DATA SHOWN:
******
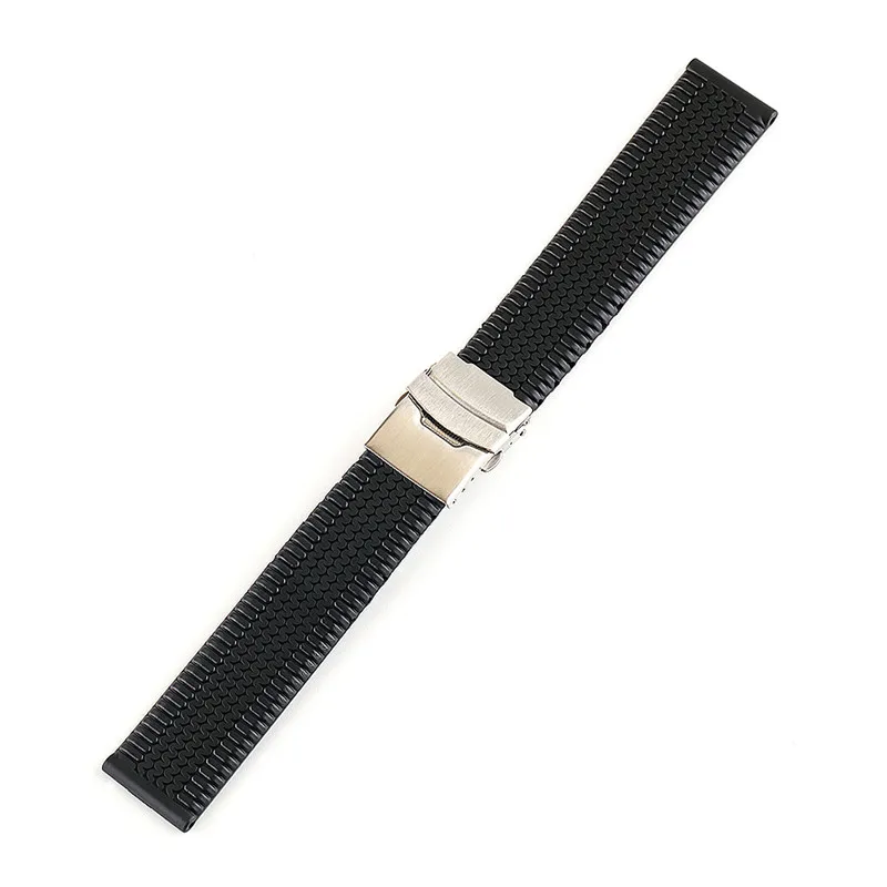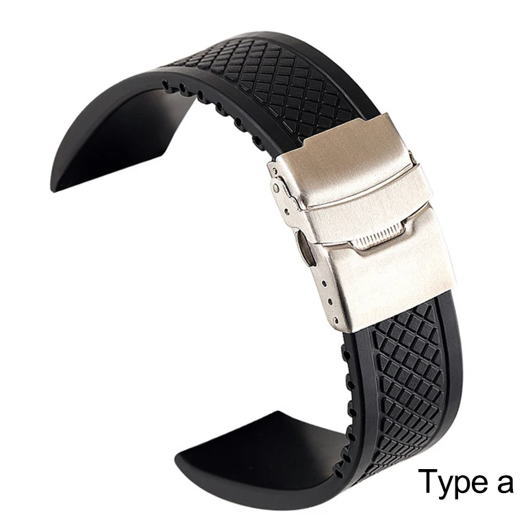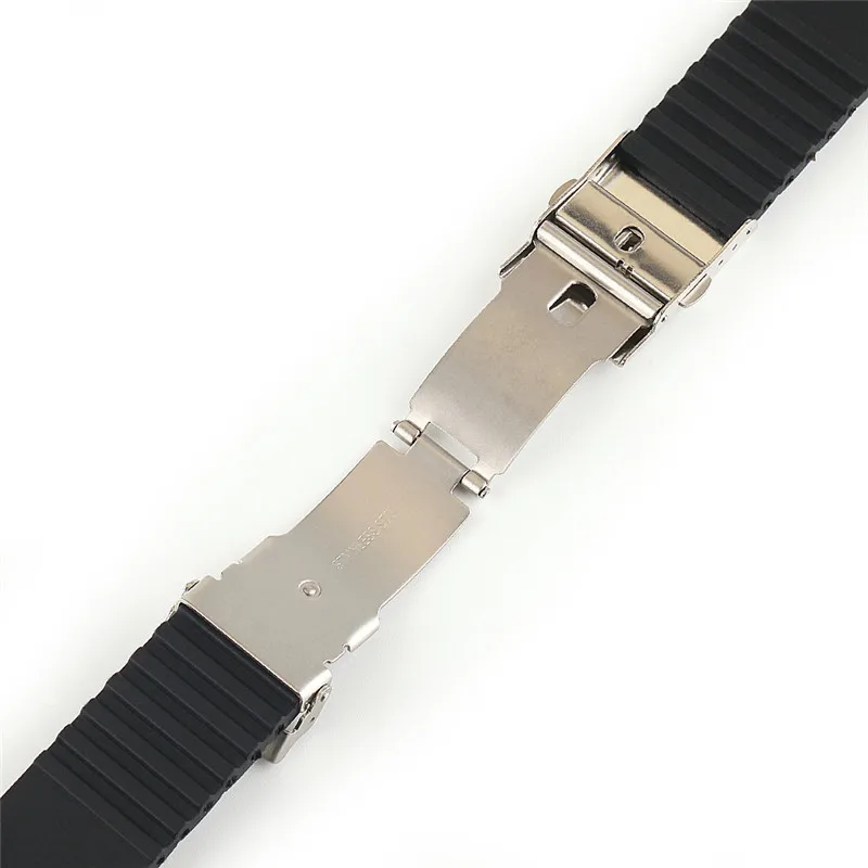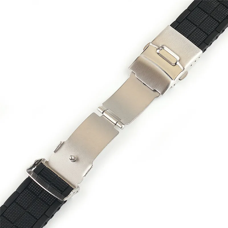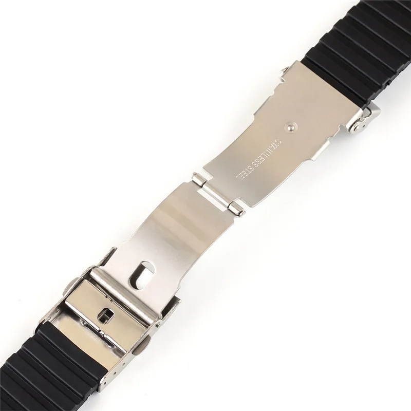 Ремешок силиконовый складной для мужчин, спортивный сменный резиновый браслет с безопасной водонепроницаемой застежкой, аксессуары для часов, 20 мм 22 мм 24 мм, черный
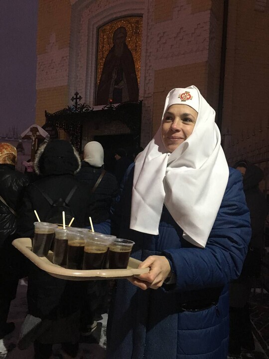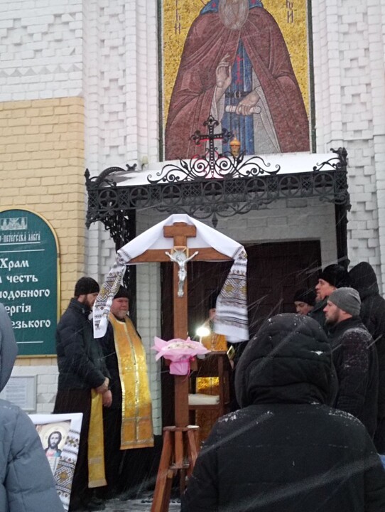 The prayer standing near the Kyiv Lavra continues, despite the bad weather.
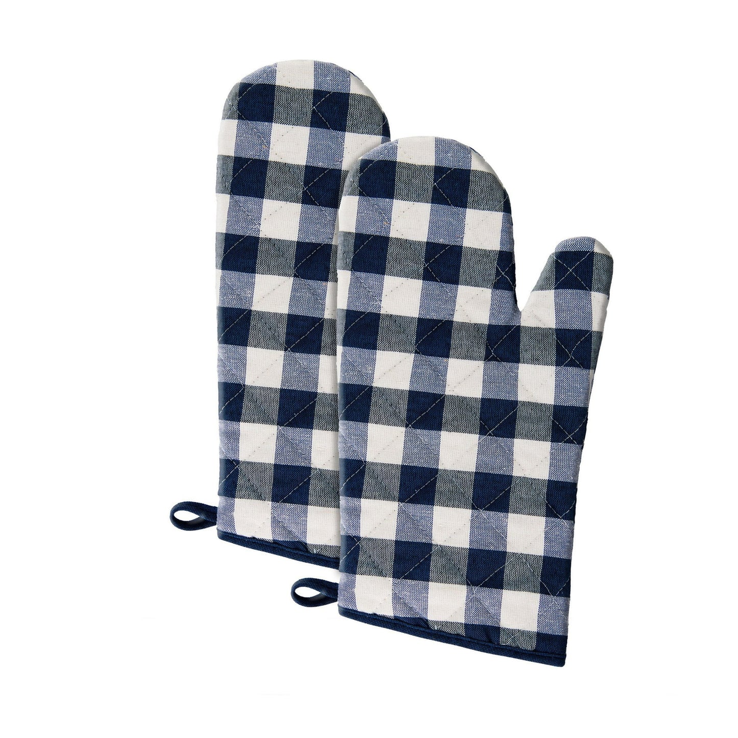 Traditional Elegance Buffalo Check Oven Mitt - Navy - 7-in x 13-in - Set of Two
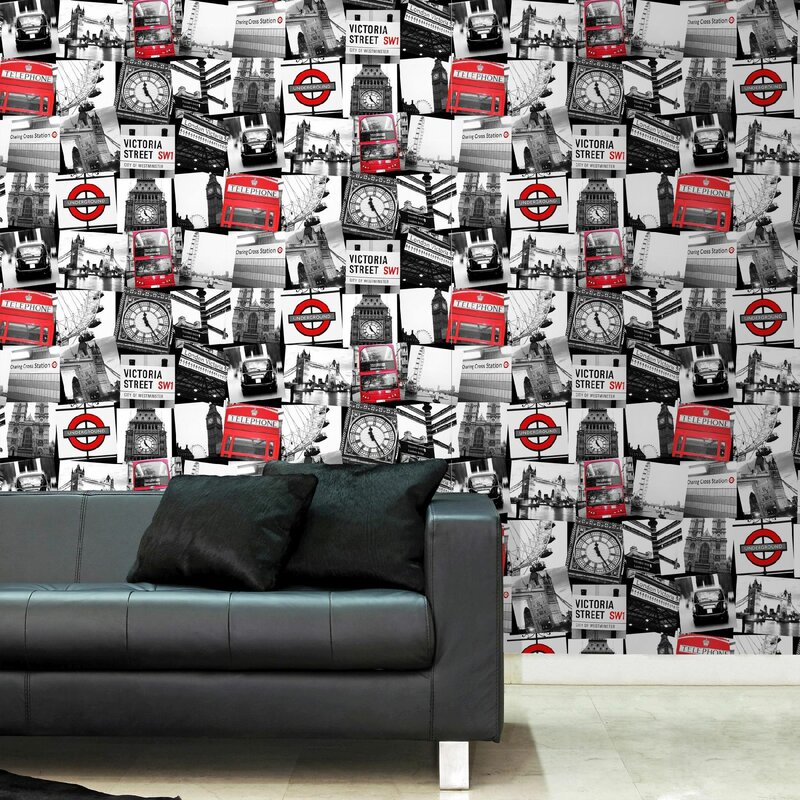 London Montage wallpaper is the perfect design for those who love the UK and images and signs associated with the it's capital city, full of the iconic landmarks of London this is a dramatic design that will be a real talking point of any home.
******
EXERCISE: Your answer must be an exact copy of the lines above, from the line that contains "Traditional Elegance Buffalo" through the final line, with no pictures in it.

TASK RESPONSE:
 Traditional Elegance Buffalo Check Oven Mitt - Navy - 7-in x 13-in - Set of Two
 London Montage wallpaper is the perfect design for those who love the UK and images and signs associated with the it's capital city, full of the iconic landmarks of London this is a dramatic design that will be a real talking point of any home.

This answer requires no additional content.